Technical Abstract: Background/Introduction: Chronic wasting disease (CWD) was first described in a captive cervid herd in 1967, recognized as a prion disease in 1978, and first detected in wild cervids in 1981. CWD is readily transmitted among animals and from a contaminated environment to uninfected animals. By 2019, 26 states in the United States, three Canadian provinces, South Korea, Norway, and Finland had found CWD in captive and/or wild cervid populations. Cervid PrP contains polymorphisms that influence progression of CWD and propagation of CWD strains with different transmission properties.1-3 It is important to develop a method to quantitate the relative amounts of those polymorphisms present in CWD PrPSc, so that their respective influence on CWD prion propagation can be determined. Materials and Methods: Plasmids containing relevant cervid PrP polymorphisms were prepared. The necessary 15N-labeled internal standards were produced by overexpressing the PrP genes in E. coli grown in minimal medium with 15NH4Cl as the sole nitrogen source. Peptides derived from the tryptic or chymotryptic digestion of cervid recombinant PrP and containing the relevant polymorphisms were identified. A multiple reaction monitoring method (MRM) was developed for each of those peptides. Results: Calibration curves relating the signal intensity of the various peptides and their absolute amounts as measure by protein assay were linear and had excellent correlation coefficients.
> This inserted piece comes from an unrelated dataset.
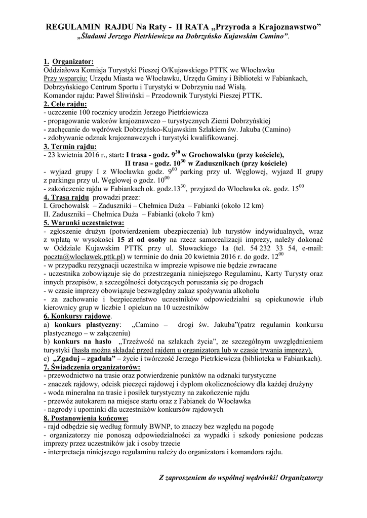 REGULAMIN RAJDU Na Raty - II RATA „Przyroda a Krajoznawstwo” „Śladami Jerzego Pietrkiewicza na Dobrzyńsko Kujawskim Camino”. 1. Organizator: Oddziałowa Komisja Turystyki Pieszej O/Kujawskiego PTTK we Włocławku Przy wsparciu: Urzędu Miasta we Włocławku, Urzędu Gminy i Biblioteki w Fabiankach, Dobrzyńskiego Centrum Sportu i Turystyki w Dobrzyniu nad Wisłą. Komandor rajdu: Paweł Śliwiński – Przodownik Turystyki Pieszej PTTK. 2. Cele rajdu: - uczczenie 100 rocznicy urodzin Jerzego Pietrkiewicza - propagowanie walorów krajoznawczo – turystycznych Ziemi Dobrzyńskiej - zachęcanie do wędrówek Dobrzyńsko-Kujawskim Szlakiem św. Jakuba (Camino) - zdobywanie odznak krajoznawczych i turystyki kwalifikowanej. 3. Termin rajdu: - 23 kwietnia 2016 r., start: I trasa - godz. 930 w Grochowalsku (przy kościele), II trasa - godz. 1030 w Zadusznikach (przy kościele) - wyjazd grupy I z Włocławka godz. 900 parking przy ul. Węglowej, wyjazd II grupy z parkingu przy ul. Węglowej o godz. 1000 - zakończenie rajdu w Fabiankach ok. godz.1330, przyjazd do Włocławka ok. godz. 1500 4. Trasa rajdu prowadzi przez: I. Grochowalsk – Zaduszniki – Chełmica Duża – Fabianki (około 12 km) II. Zaduszniki – Chełmica Duża – Fabianki (około 7 km) 5. Warunki uczestnictwa: - zgłoszenie drużyn (potwierdzeniem ubezpieczenia) lub turystów indywidualnych, wraz z wpłatą w wysokości 15 zł od osoby na rzecz samorealizacji imprezy, należy dokonać w Oddziale Kujawskim PTTK przy ul. Słowackiego 1a (tel. 54 232 33 54, e-mail: [email protected]) w terminie do dnia 20 kwietnia 2016 r. do godz. 1200 - w przypadku rezygnacji uczestnika w imprezie wpisowe nie będzie zwracane - uczestnika zobowiązuje się do przestrzegania niniejszego Regulaminu, Karty Turysty oraz innych przepisów, a szczególności dotyczących poruszania się po drogach - w czasie imprezy obowiązuje bezwzględny zakaz spożywania alkoholu - za zachowanie i bezpieczeństwo uczestników odpowiedzialni są opiekunowie i/lub kierownicy grup w liczbie 1 opiekun na 10 uczestników 6. Konkursy rajdowe. a) konkurs plastyczny: „Camino – drogi św. Jakuba”(patrz regulamin konkursu plastycznego – w załączeniu) b) konkurs na hasło „Trzeźwość na szlakach życia”, ze szczególnym uwzględnieniem turystyki (hasła można składać przed rajdem u organizatora lub w czasie trwania imprezy). c) „Zgaduj – zgadula” – życie i twórczość Jerzego Pietrkiewicza (biblioteka w Fabiankach). 7. Świadczenia organizatorów: - przewodnictwo na trasie oraz potwierdzenie punktów na odznaki turystyczne - znaczek rajdowy, odcisk pieczęci rajdowej i dyplom okolicznościowy dla każdej drużyny - woda mineralna na trasie i posiłek turystyczny na zakończenie rajdu - przewóz autokarem na miejsce startu oraz z Fabianek do Włocławka - nagrody i upominki dla uczestników konkursów rajdowych 8. Postanowienia końcowe: - rajd odbędzie się według formuły BWNP, to znaczy bez względu na pogodę - organizatorzy nie ponoszą odpowiedzialności za wypadki i szkody poniesione podczas imprezy przez uczestników jak i osoby trzecie - interpretacja niniejszego regulaminu należy do organizatora i komandora rajdu. Z zaproszeniem do wspólnej wędrówki! Organizatorzy REGULAMIN KONKURSU PLASTYCZNEGO „Śladami Jerzego Pietrkiewicza na Dobrzyńsko Kujawskim Camino”. „Rajd na Raty” – II rata 23 kwietnia 2016 r. 1. Konkurs adresowany jest do grup uczestniczących w rajdzie „Śladami Jerzego Pietrkiewicza na Dobrzyńsko Kujawskim Camino”. Cele konkursu: - przypomnienie i popularyzacja sylwetki prof. J. Pietrkiewicza, wybitnego poety i tłumacza, syna Ziemi Dobrzyńskiej w 100 rocznicę urodzin, - popularyzacja wiedzy na temat Camino w Polsce ze szczególnym uwzględnieniem jego przebiegu na Pomorzu, Ziemi Dobrzyńskiej oraz Kujawach, - przedstawienie dorobku artystycznego uczestników rajdu na wystawie prac w Gminnej Bibliotece Publicznej w Fabiankach. 2. Prace mogą być wykonane w dowolnej technice plastycznej w formacie A- 4 lub większym. 3. Prace należy składać w Oddziale Kujawskim PTTK przy ul. Słowackiego 1a oraz Gminnej Bibliotece Publicznej w Fabiankach do dnia 22 kwietnia 2016 r. do godz. 1200 4. Jury oceniać będzie przede wszystkim oryginalność prac, ich zgodność z tematem konkursu oraz technikę i walory estetyczne wykonania. 5. Wszystkie prace zaprezentowane zostaną podczas zakończenia rajdu, a dla zwycięzców przewidziane są nagrody i wyróżnienia. ZAPRASZAMY DO UDZIAŁU W KONKURSIE !

In addition, samples from experimentally infected heterozygous deer (Q95S96/Q95G96 and H95G96 /Q95G96) were analyzed and the relative amounts were determined. The optimal digestion for all tryptic peptides was 20 hours. For chymotrypsin the optimal digestion time was also 20 hours, apart from a single peptide. Conclusions: This approach can be used to quantify the contribution of specific polymorphisms to PrPCWD formation, enhancing our ability to determine the relative susceptibility of various polymorphisms to CWD. It can also be used to detect the distribution of CWD prion strains. References 1) Johnson CJ, et al. PLoS ONE 2011; 6:e17450. 2) Duque Velasquez C, et al., (2015) J Virol 2015; 89:12362-73. 3) Herbst A, et al. Emerg Infect Dis 2017; 23:1598-1600.